Но Вольгаст не ответил; он вышел из ресторана и стал медленно подниматься в гору, держа путь на Крессент-стрит. Он шел неторопливо и торжественно, с необычайно гордым видом, неуклюжий, грузный человек в дурно сидящей на нем одежде.
Медленно и широко шагая, Вольгаст твердил себе: «Я же просто хочу, чтобы все оставалось так, как есть. Что это, так уж много? Я имею право». Он был в смятении.

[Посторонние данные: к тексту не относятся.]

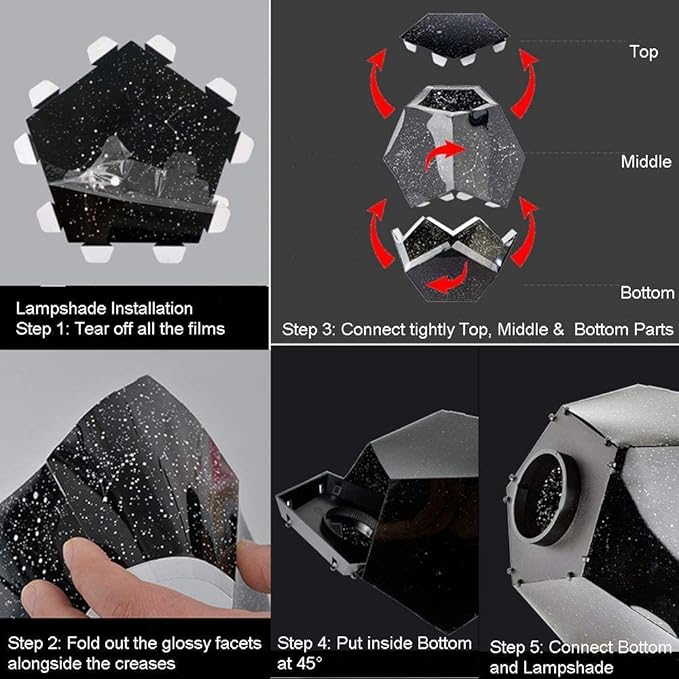 - STAR LIGHT PROJECTOR AND DIY LAMPSHADES : The multiple combinations of 3 colours (Yellow, White and Blue) provides you with a wide panoramic effect. The lampshades need to be assembled by yourself. The foldable lampshades can prevent the breakage. Rotating light pedestal allows you to project the light straight up or point in a different direction and have the convenience to cover the area as large as 130 ft2 (12M2) within the distance of 9 ft (2.8M).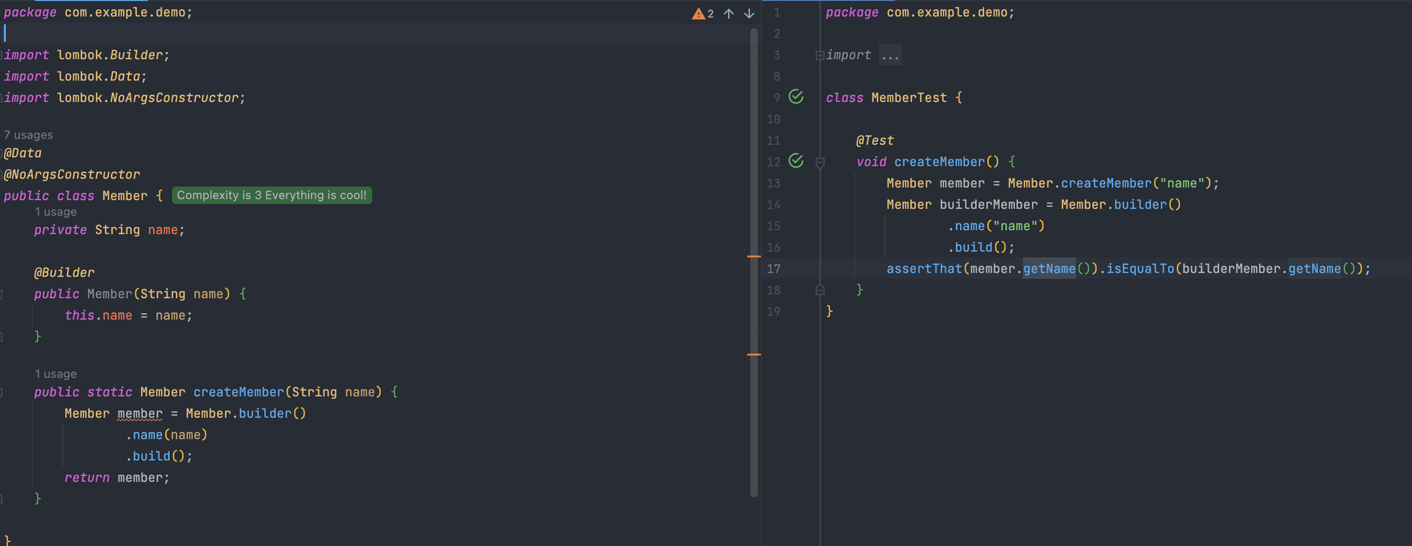 (우측코드의 테스트가 이해가 가지 않으시면, 롬복 빌더로 생성 테스트라고 보시면 됩니다.)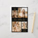 Elegant, modern, minimalist black and gold hand Lettered 4 photo collage personalized wedding thank you personalized affordable low budget THIN card. ***PLEASE NOTE, SCROLL DOWN FOR MORE INFO!*** Stylish wedding thank you card template featuring four (4) photo on the front and one (1) photo on the back side. With the text "Love and thanks" in a cursive hand lettered typography swash-tail font script in gold color on black background. Little heart shape between the names. Personalize your name and thank you message. *** PLEASE NOTE! *** BUDGET PAPER/FLYER IS PAPER THIN. *** UPGRADE THE PAPER FOR A THICKER PAPER. *** Traditional Cardstock with Envelopes: https://www.zazzle.com/love_and_thanks_script_black_gold_collage_wedding_thank_you_card-256443481225826268 https://www.zazzle.com/love_and_thanks_script_black_gold_collage_wedding_thank_you_card-256283855226677317

Сворачивая на Крессент-стрит, он вспомнил детство и белую лошадь, которую он так любил, когда был мальчиком. Он начал было подниматься по лестнице, ведущей к парадному входу, но тут же вспомнил: Джексон предупреждал, что войти нужно в нижнюю дверь. Вольгаст прошел через прихожую и постучал в комнату Пегги.
Дверь открыл Макэлпин. Сидя за бюро, он делал записи в своем широком и топком блокноте и пошел на стук, как был, без пиджака.
— О! — сказал он, пораженный появлением кабатчика.